Length variation in plastid accD and ycf1 of Lamprocapnos. (A) Schematic diagram of the genomic regions surrounding plastid accD. Boxes inside the accD gene (gray) indicate the conserved domain (acetyl-CoA carboxylase beta subunit; pink). The nucleotide and amino acid sequences of the plastid Lamprocapnos accD gene are shown in detail. Red boxes indicate the conserved domain of the acetyl-CoA carboxylase beta subunit.
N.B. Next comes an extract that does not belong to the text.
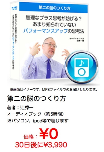 価格はたったの3990円(税別、MP3音声データダウンロード)です。この「第二の脳のつくり方」のオーディオブックはプライベート販売のため、今このページでしか買うことができません。書店では売っていませんし、アマゾンでも売っていません。
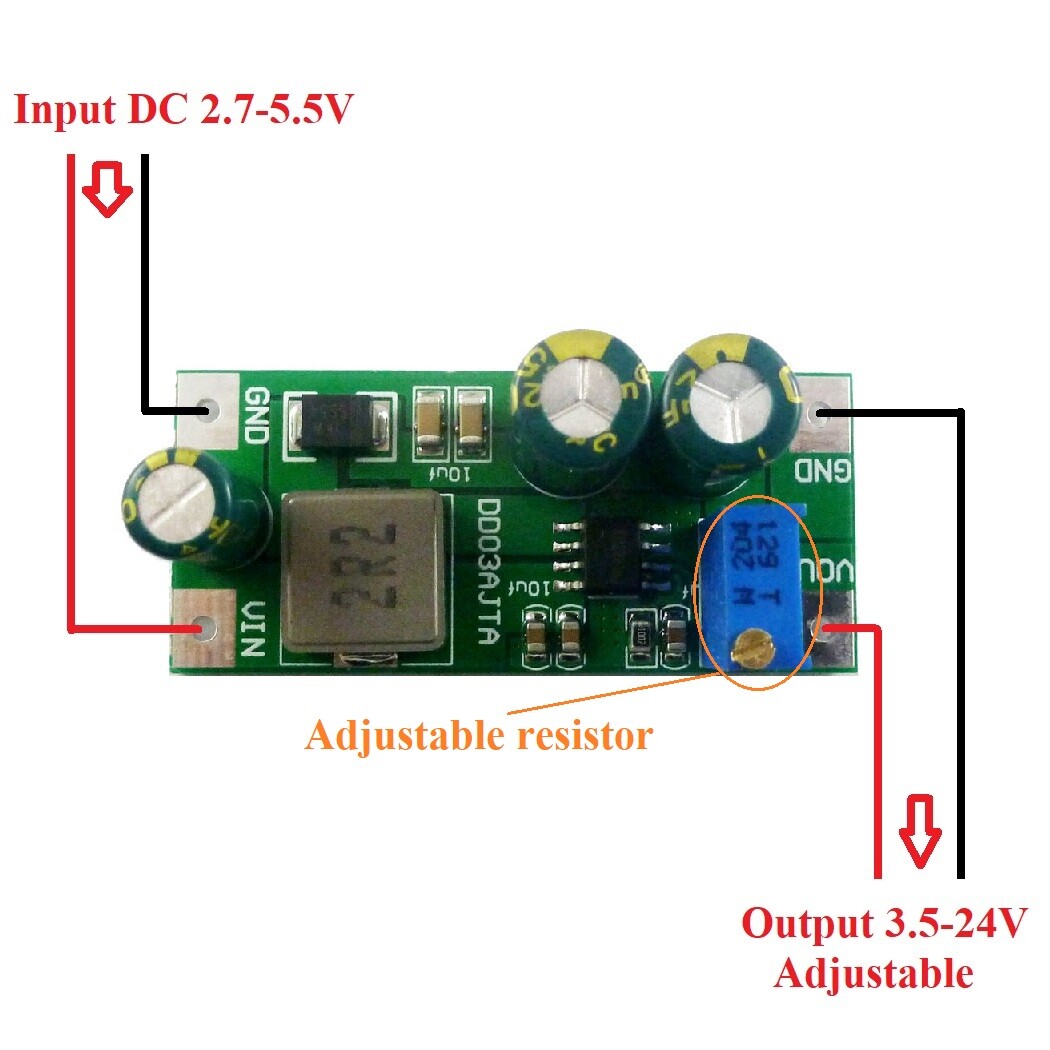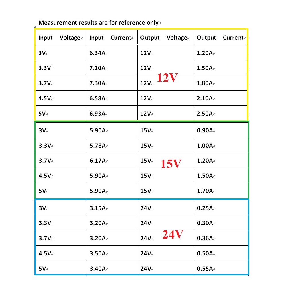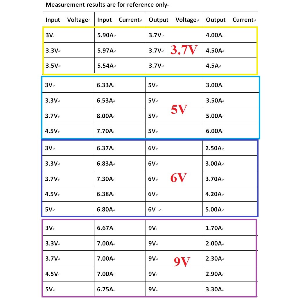 Input DC 2.7-5.5V,Adjustable Output DC 3.5-24V Maximum output power 30W(See the table for details) Maximum input current: 8A(See the table for details) Maximum output current: 6A(See the table for details) Quiescent current: about 1MA Efficiency : >=96% Switching Frequency : 600KHz fixed Overtemperature shutdown, input under-voltage protection and short circuit protection. UVLO Low Threshold 2.6V,UVLO High Threshold 3.2V,suitable for 3.7V lithium battery power supply Operating Ambient Temperature : -40 to 85 °C Storage Temperature : -55 to 150°C Size : 45*20*15mm Weight : 8g Attention :

Blue boxes indicate amino acid repeat (AAR) motifs. (B) Amino acid sequences of plastid accD copies from six Lamprocapnos individuals. The dark and light blue boxes correspond to each AAR motif in (A). An asterisk indicates an amino acid sequence mismatch of the AAR motif. (C) Schematic diagram of genomic regions surrounding the plastid ycf1. Boxes inside the ycf1 gene (gray) indicate the conserved domain (pink) and three hotspot regions (red). Each amino acid sequence of the two hotspot regions of ycf1 copies from six Lamprocapnos individuals. Purple and orange boxes indicate amino acid repeat (AAR) motifs.

Figure 7

Variation in sequence divergence among Lamprocapnos. (A) Sequence divergence among Coreanomecon, Lamprocapnos, and Papaver plastid genes or functional groups of genes. (B) Boxplot distribution of the relative rates of d_N and d_S values for SC-to-IR genes from Lamprocapnos.